The 2024 Olympic Games and Paralympic Games has Paris (and all of France and its territories) in presentation mode. From walking the city to riding the metro and visiting institutions like Monnaie de Paris, the Olympics are on stage. A well-conceived and designed branding campaign adorns famous facades, including government buildings throughout the city. A group of six sculptures, copies of the Venus de Milo by artist Laurent Prebos, have been installed at the steps of l’Assemblée Nationale, France’s Congress. Each sculpture, clad in one of the colors of the LGBT movement, embody an Olympic discipline -- basketball, boxing, javelin, para-archery, surfing and tennis.
The Olympics are arguably one of the most well managed and monetized branded civic experiences worldwide. However, during a recent trip to France’s capital we saw that serving up branded experiences is taking place in some surprising corners of the city.
For example, we were stunned to see l’Assemblée Nationale runs its own boutique – for perspective, this would be akin to a Congress -branded gift shop on Pennsylvania Ave. (truly hard to imagine). The items for sale are also unexpected: from dish towels and toys to mugs with bipartisan messages like Soif de Liberté (Thirst for Freedom) or Votez Pour Moi (Vote For Me). Most carry the red, white, and blue colors of the French flag and an icon representing the Assemblée façade.
A short walk from l’Assemblée and its store are the Tuileries Garden and the Louvre Museum. Both are wonderful civic experiences onto themselves but the real discovery was the Carousel de Louvre, an underground shopping mall next to the Louvre Museum, and more specifically its public restrooms.

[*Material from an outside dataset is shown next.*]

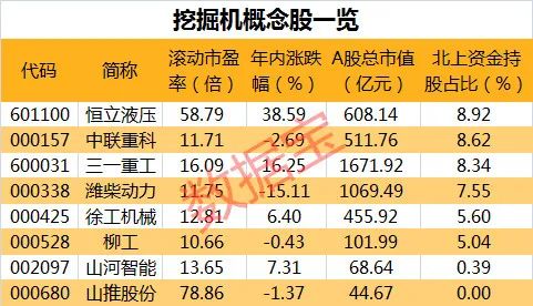 证券时报·数据宝统计显示,工程机械板块中涉及挖掘机产业链的公司中,恒立液压、三一重工、中联重科、徐工机械、潍柴动力和柳工获北上资金持股占比最高,均超5%。

PointWC, which runs les toilettes, has found a way to turn the public restroom experience into both a shopping experience (six roles of colored toilet paper for 9.90 Euros) and a designed experience (installations of beautifully arranged colorful toilet paper rolls). We’re waiting for the collaboration with Pantone!
Finally, the Cathédrale Notre-Dame, the grande dame of civic experiences, forced the city to reconsider its presentation after a fire destroyed a good part of the beloved landmark in 2019. When it became evident that the cathedral couldn’t be returned to its full glory in time for the Olympics, officials turned to tactics typically employed by brands – construction enclosures as storytelling opportunity and elevation of craftsmanship, a viewing platform to observe the work and take pictures of progress to post, and an immersive VR experience that also serves as a fundraiser.
While new categories emerge constantly and D2C, B2C and B2B marketing is becoming increasingly blended, the augmentation of the civic experience still provides so much opportunity as well as a common physical canvas in an age of digital fragmentation. Here you can amuse and entertain, provoke dialogue, increase engagement, or educate the body politic with or without an Olympic moment.